An important practical point is that you need reverse tokenization in your AI engine. The result of inference is a sequence of tokens to output, which must be converted back from token numbers to printable text. This is not very technically difficult, since each token number in the vocabulary represents a unique sequence of characters. The main point is that you still need the text strings for all 50,000 tokens, even if you've used an automaton to hide them all behind obscure numbers in your lexer.

Another practical matter is the removal of any special non-output tokens. For example, your engine might use “end-of-input” or “unknown token” tokens, and the WordPiece tokenization algorithm has special “##” tokens. Any of these might appear in the output stream from your decoding algorithm, and you have to decide whether to output these oddities, and if so, how.

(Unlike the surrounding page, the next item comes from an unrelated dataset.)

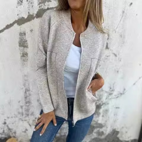 Casual zipper solid color jacket

Encoding is an issue for the output of text. Personally, I think UTF8 is best in C++ because it's easy to work with, although it can be longer in terms of bytes. You need to ensure that the encoding of the de-tokenized tokens matches the encoding you want, and also that the encoding settings in your web page display match the encoding your engine is emitting.

Image models have a different issue in de-tokenization. What does each token represent? A pixel? This is a practical coding matter in terms of emitting the image and also adding the extra formatting bytes for the chosen image file format.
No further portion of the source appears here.